Non c’è il rischio che, come tutti gli italiani si sentono commissari tecnici della Nazionale, così tutti si trasformino in costituzionalisti?
«Non sarà così. Mi spiego: non faremo certo le consultazioni attraverso Twitter o Facebook. Ci sono esperimenti al riguardo fatti dai precedenti governi. Cito i casi del ministro Brunetta per quanto riguarda la pubblica amministrazione o più recentemente le iniziative di Barca e Profumo. E io intendo seguire il metodo delle consultazioni aperte alle Università, alle Fondazioni con l’idea di sentire non soltanto i maestri ma anche gli studenti. Quello che ci accingiamo a fare non è un esercizio di ingegneria istituzionale, è un grande evento sociale, un metodo per ricreare, se possibile, un meccanismo corretto sulla successione tra generazioni».
Non è un po’ vago?
«Niente affatto.
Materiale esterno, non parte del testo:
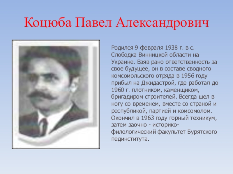 области на Украине. Взяв рано ответственность за свое будущее, он в составе сводного комсомольского отряда в 1956 году прибыл на Джидастрой, где работал до 1960 г. плотником, каменщиком, бригадиром строителей. Всегда шел в ногу со временем, вместе со страной и республикой, партией и комсомолом. Окончил в 1963 году горный техникум, затем заочно - историко-филологический факультет Бурятского пединститута.

La prossima settimana farò un’audizione alle due commissioni Affari costituzionali in seduta congiunta. Tra due settimane ci sarà un dibattito in Parlamento su mozioni di indirizzo. Da questa discussione il governo trarrà da un lato indicazioni per formare il comitato incaricato di produrre dei testi e dall’altro farà partire la procedura di revisione costituzionale per consentire di creare la Convenzione che risulterà formata dalle due commissioni affari costituzionali».
E i tempi?
«Siamo dentro la cornice dei 18 mesi ipotizzati dal premier Letta. Il comitato, che io mi auguro sia allargato anche ai rappresentanti delle alte magistrature, lavorerà fino alla fine di settembre, quando sicuramente le prime due letture saranno state fatte e la Convenzione potrà cominciare la sua attività».
Questo comitato da dove partirà?
«Credo dai tre grandi capitoli – forma di Stato, forma di governo, bicameralismo – che i padri costituenti hanno lasciato incompiuti consapevolmente. Noi, cioè, dovremo onorare il legato che ci hanno lasciato e che loro non hanno potuto portare a termine per le temperie politiche nelle quali erano immersi. Aggiungo che come bussola abbiamo il documento dei facilitatori insediati dal presidente Napolitano. Nel momento in cui questo comitato avrà terminato il suo lavoro, i testi saranno consegnati al governo che provvederà a tradurli in uno o più progetti che, a loro volta, saranno consegnati alla Convenzione affinché li esamini».